Double check the my.cnf configuration on all nodes, & set the gcomm values accordingly(replace node1,node2,node3 with their IPs).
node1 → [COLOR=#252C2F]gcomm://
node2 ->gcomm://node1,node2,node3
node3 ->gcomm://node1,node2,node3

Then after all nodes synched change the gcomm value of node1 to [COLOR=#252C2F]gcomm://node1,node2,node3 and restart mysql on that node1.

​To check if nodes are synced or not, login into the mysql prompt of any node and enter this command
show status like ‘wsrep%’;

Yeah I didn’t use pc.ignore_sb. It was just to try to be more explicit.

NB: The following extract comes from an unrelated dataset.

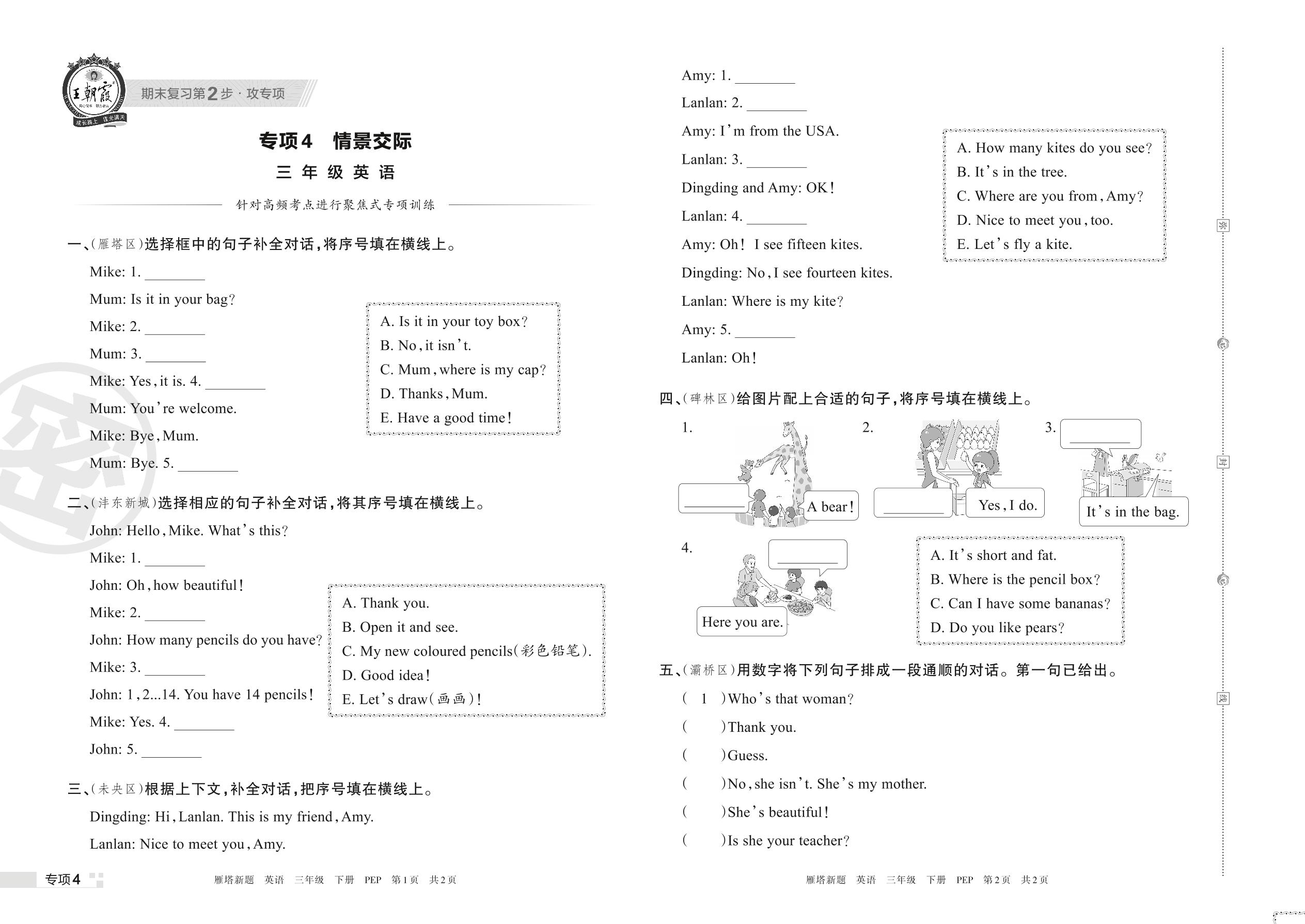 王朝霞期末专项卷——情景交际三年级下册英语(PEP版)_R220329164504968【4】
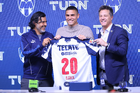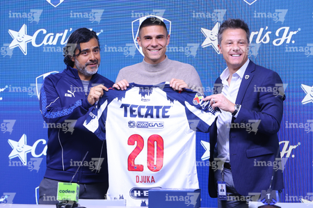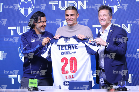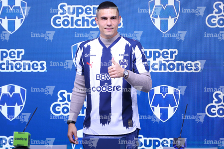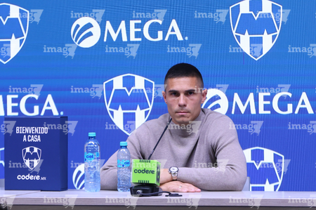 Guadalupe, Nuevo León, 6 de febrero de 2026. Uroš Đurđević, durante su presentación como refuerzo de los Rayados del Monterrey para el torneo Clausura 2026 de la Liga BBVA MX, realizado en el estadio BBVA. Foto: Imago7/ David Arzamendi

The thing is, I used to not mention the ip of the node in gcomm://, like this :

node1 → [COLOR=#252C2F]gcomm://
node2 ->gcomm://node1,node3
node3 ->gcomm://node1,node2

And yes, the nodes was synced using this configuration and checking via show status like ‘wsrep%’;
I will give a try to your config to see if there is some change.
I also upgraded to the last stable release and the problem is the same.

dpkg -l | grep percona

ii percona-toolkit 2.2.6 all Advanced MySQL and system command-line tools
ii percona-xtrabackup 2.1.7-721-1.wheezy amd64 Open source backup tool for InnoDB and XtraDB
ii percona-xtradb-cluster-client-5.6 5.6.15-25.3-711.wheezy amd64 Percona Server database client binaries
ii percona-xtradb-cluster-common-5.6 5.6.15-25.3-711.wheezy amd64 Percona Server database common files (e.g. /etc/mysql/my.cnf)
ii percona-xtradb-cluster-galera-3.x 189.wheezy amd64 Galera components of Percona XtraDB Cluster
ii percona-xtradb-cluster-server-5.6 5.6.15-25.3-711.wheezy amd64 Percona Server database server binaries

The reason I told to use IP’s is no need for DNS lookup, if DNS fails, then the nodes cannot see each other!, only thing u have to make sure is the IP’s should be static.
also check any firewall or other network issue that’s preventing these nodes to connect each other.